*Data excerpt*:
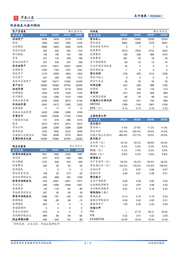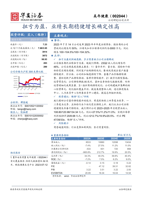 本报告对美年健康2023年半年度业绩预告进行了分析,认为公司通过量价齐升、数字化转型和组织架构优化等多重因素驱动,实现了业绩的显著增长和扭亏为盈。考虑到体检行业旺季因素及个性化需求上升,看好公司量价齐升能力,维持“买入”评级。同时,报告也提示了商誉减值、行业竞争加剧和医疗质量等风险。
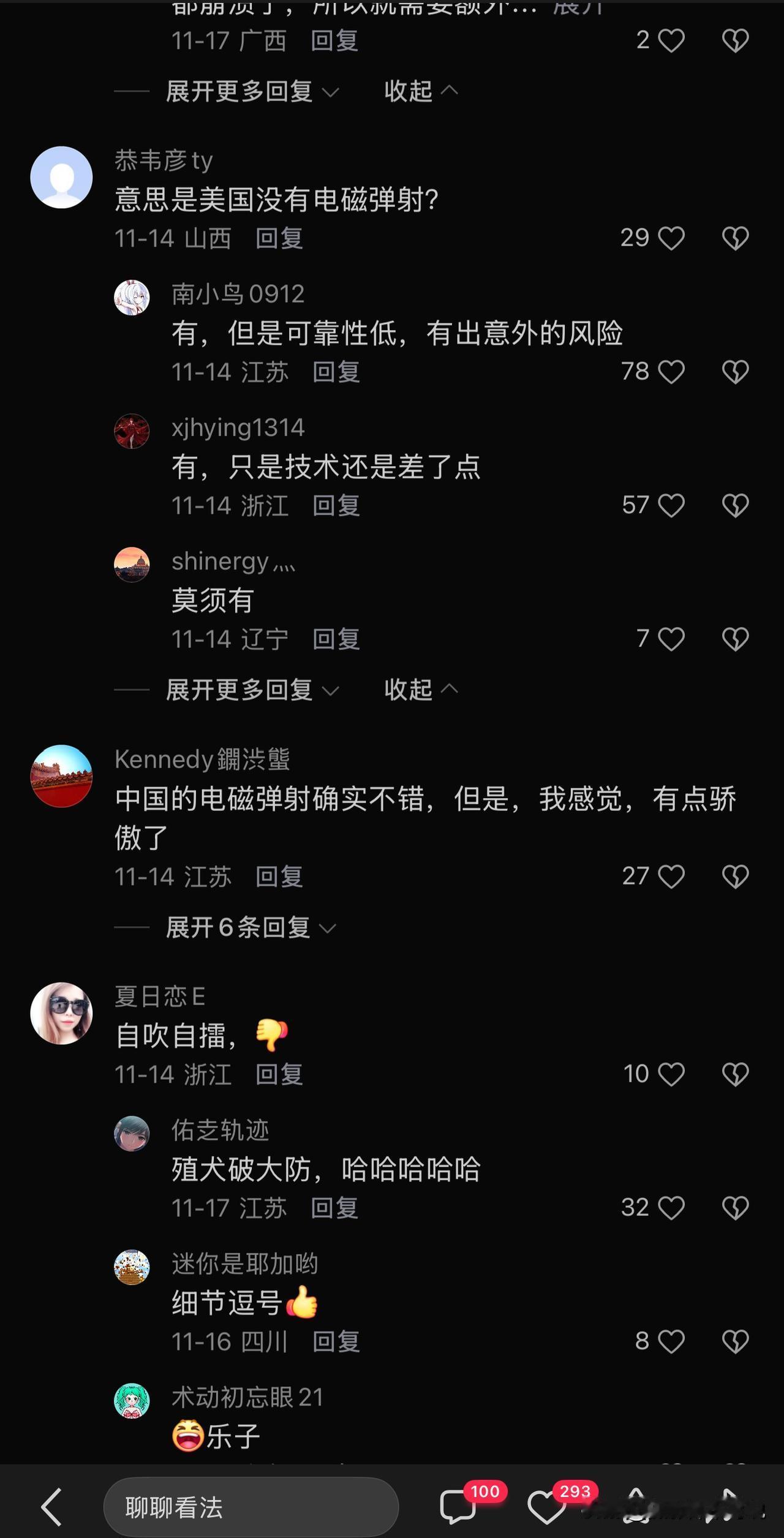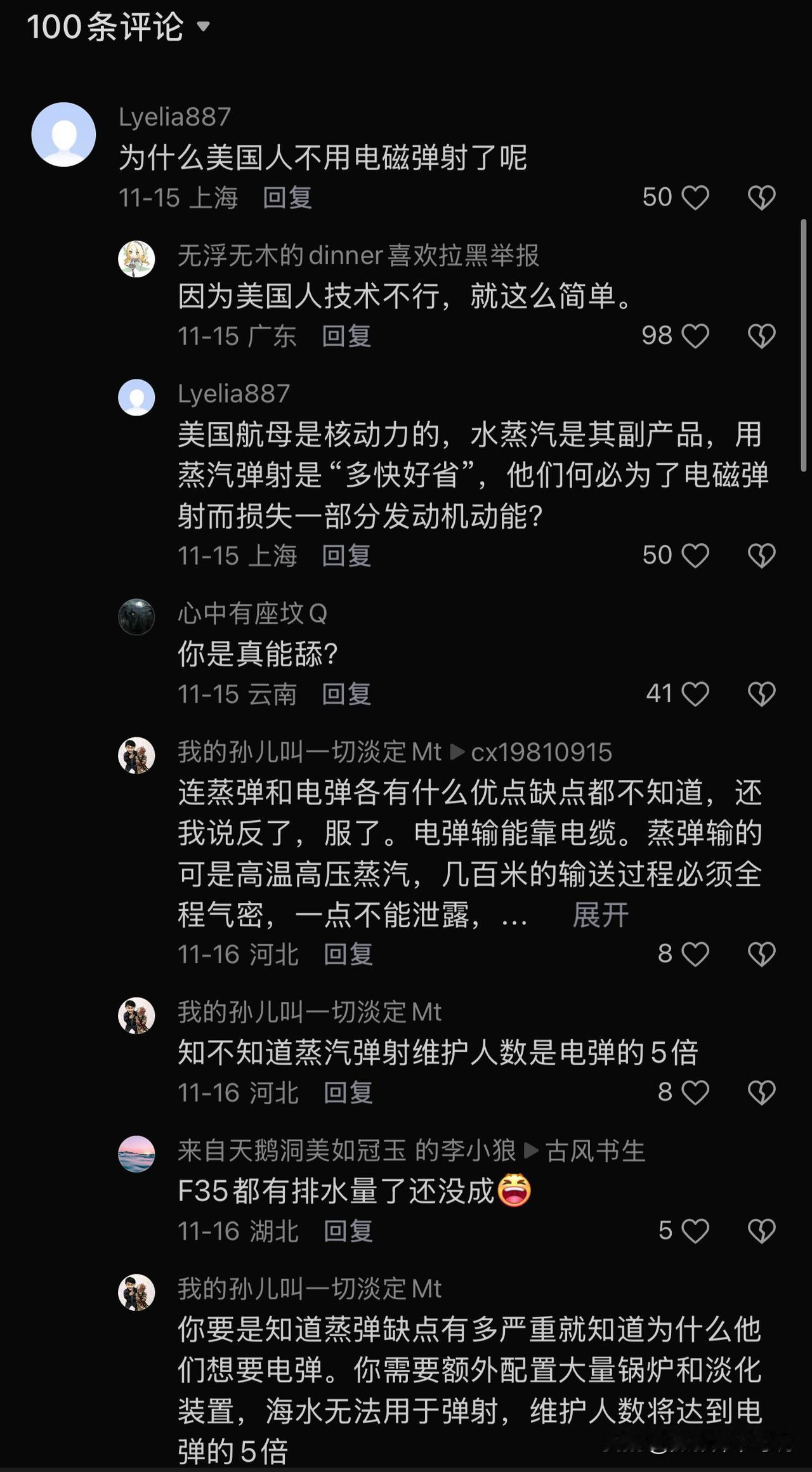 没想到一张简单的梗图,却炸出一大堆奇奇怪怪的人和想法!这张图应该是某位网友凭借自己的认知制作的,上边比较了熊猫电磁弹射、白头鹰蒸汽弹射和电磁弹射的效果,其间的优劣可见一斑。从目前网上爆出来的各种信息来看,它虽然是在玩儿梗,但还没到胡说八道的地步。但评论区就有意思了,各种阴阳怪气的、睁眼说瞎话的、强行洗地的都有,而且为数还不少,真是看的人充满了疑惑,他们是怎么想的呢?
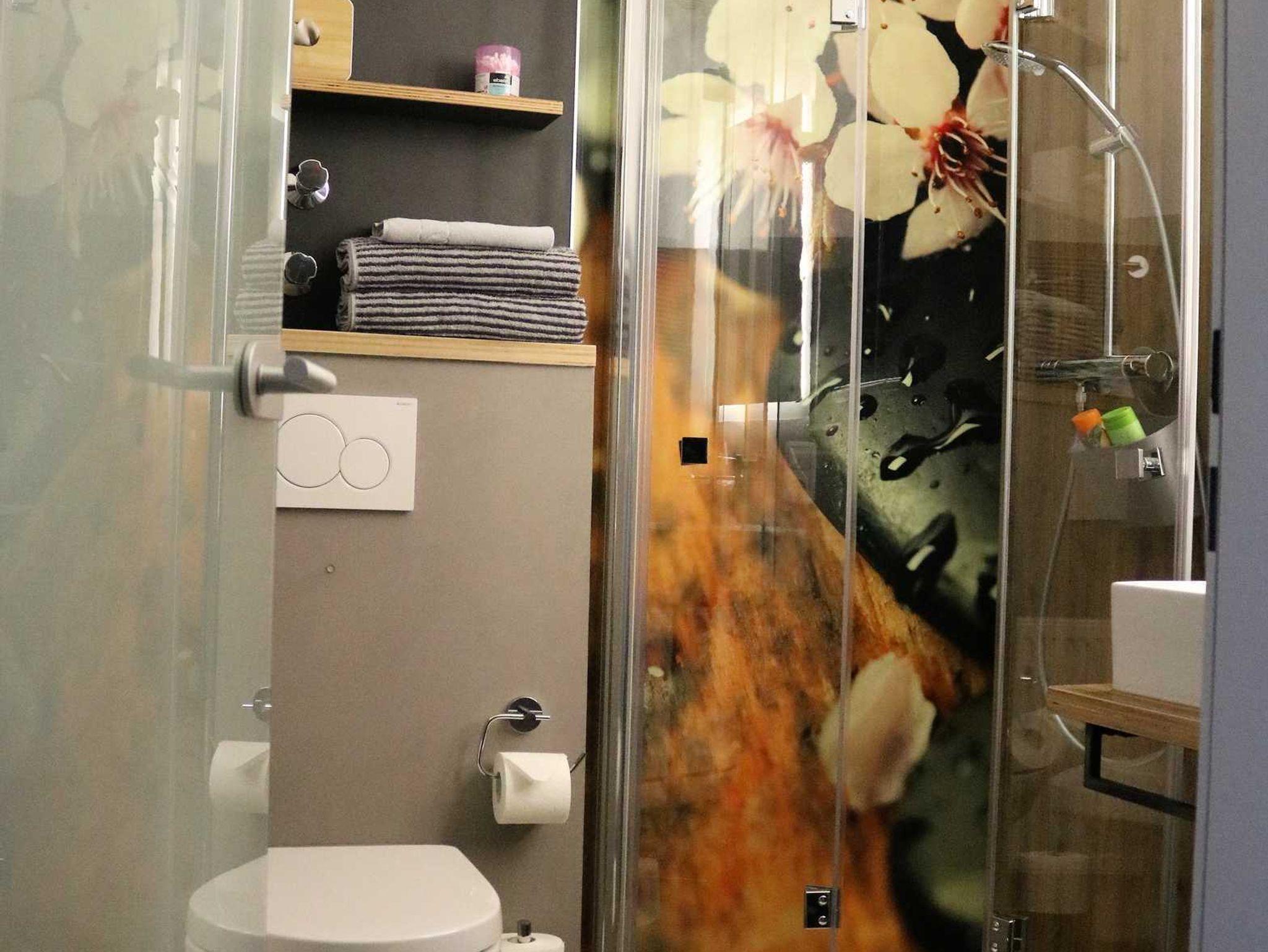 Auch im Bad haben wir alles für einen angenehmen Aufenthalt für Sie vorbereitet. Ein Haartrockner, div. Pflegeprodukte und eine traumhafte bodennahe Dusche mit digitalem Fotodruck warten auf Sie.

*Exercise description*: Return the listing above in an exact copy that leaves out the images.

*Answer section*:
 本报告对美年健康2023年半年度业绩预告进行了分析,认为公司通过量价齐升、数字化转型和组织架构优化等多重因素驱动,实现了业绩的显著增长和扭亏为盈。考虑到体检行业旺季因素及个性化需求上升,看好公司量价齐升能力,维持“买入”评级。同时,报告也提示了商誉减值、行业竞争加剧和医疗质量等风险。
 没想到一张简单的梗图,却炸出一大堆奇奇怪怪的人和想法!这张图应该是某位网友凭借自己的认知制作的,上边比较了熊猫电磁弹射、白头鹰蒸汽弹射和电磁弹射的效果,其间的优劣可见一斑。从目前网上爆出来的各种信息来看,它虽然是在玩儿梗,但还没到胡说八道的地步。但评论区就有意思了,各种阴阳怪气的、睁眼说瞎话的、强行洗地的都有,而且为数还不少,真是看的人充满了疑惑,他们是怎么想的呢?
 Auch im Bad haben wir alles für einen angenehmen Aufenthalt für Sie vorbereitet. Ein Haartrockner, div. Pflegeprodukte und eine traumhafte bodennahe Dusche mit digitalem Fotodruck warten auf Sie.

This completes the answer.